Sonntag, 25. August 2013

No Escape - Flucht aus Absolom (1994)

http://www.imdb.com/title/tt0110678/

In nicht allzu ferner Zukunft hat die Kriminalität überhand genommen und der weltweite Strafvollzug wurde privatisiert. Der ehemalige Marine J.T. Robbins (Ray Liotta) wird - nicht ganz unschuldig - für die Ermordung seines Vorgesetzten zu einer lebenslänglichen Haftstrafe verurteilt und inhaftiert. Die von strenger Hand geführte Strafanstalt veranlasst ihn zu einer Rebellion gegen die Wärter. Doch dies führt nur dazu, dass er in die sicherste Verwahrungsanstalt überhaupt verlegt wird: Absolom. Die schlimmsten Kriminellen werden auf dieser Insel ausgesetzt, um sich dort nach eigenen Regeln durchzuschlagen. Noch niemanden ist es gelungen, das Hochsicherheitsgefängnis lebendig zu verlassen: Ein Satellitenüberwachungssystem und bewaffnete Wachposten machen eine Flucht nahezu unmöglich. Dort stehen sich zwei Gruppen von Gefangenen gegenüber - und Robbins gerät zwischen die Fronten…

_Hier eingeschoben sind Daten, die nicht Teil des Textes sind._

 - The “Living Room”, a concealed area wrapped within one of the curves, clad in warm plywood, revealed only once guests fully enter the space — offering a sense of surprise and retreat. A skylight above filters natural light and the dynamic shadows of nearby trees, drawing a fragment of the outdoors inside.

Neben "Fortress: Die Festung" ist "Flucht aus Absolom" einer meiner Lieblingsfilme um das Thema Knast, düstere Zukunftsvision und Ausbruch. "No Escape" ist mehr oder weniger eine Mischung "Escape From New York" und "Fortress", mit einer Prise "Mad Max" und "Waterworld". Ein ziemlich komischer Mix, der hier vom Stapel gelassen wird, aber das gar nicht mal schlecht. Ray Liotta spielt den typischen Actionhelden der 80ger und frühen 90ger Jahre. Ehemaliger Marine, aufsässig, (beinahe) zu Unrecht verurteilt, usw.. Er wird dann auf der Gefängnisinsel Absolom abgeworfen, wo sich die wilden, bösen Jungs der "Outsiders" mit den guten, braven Jungs der "Insiders" bekriegen. Robbins schließt sich den "Insiders" unter der Führung von Vater (Lance Henriksen) an und versucht sich nun gegen die bösen Jungs unter der Führung von Marek (Stuart Wilson) zur Wehr zu setzen.

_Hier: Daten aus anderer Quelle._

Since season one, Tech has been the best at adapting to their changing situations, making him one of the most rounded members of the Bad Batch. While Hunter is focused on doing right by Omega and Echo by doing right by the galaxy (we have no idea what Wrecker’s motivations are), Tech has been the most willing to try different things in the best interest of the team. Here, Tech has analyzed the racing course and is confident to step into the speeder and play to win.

Die Story des Films ist wahrlich keine Besonderheit und auch nicht besonders gut. "Herr der Fliegen" für Erwachsene mehr oder weniger. Die eine Stärke des Films ist die Hoffnungs- und Ausweglosigkeit, die den Film sogar noch ein ganzes Stück barbarischer machen als beispielsweise "Fortress". Die andere ist das gekonnte Setting und die "Mad Max"-mässige Zukunft. "Flucht aus Absolom" ist damit insgesamt ein guter und recht brutaler Knast-Actioner mit gelungen Actionszenen, einem durchgehend konstanten Spannungsbogen und in den Hauptrollen mit zwei Hollywoodgrößen u. a. Ray Liotta und Lance Henrikson auch sehr gut besetzt. Einer der Klassiker unter den zahllosen Actionstreifen.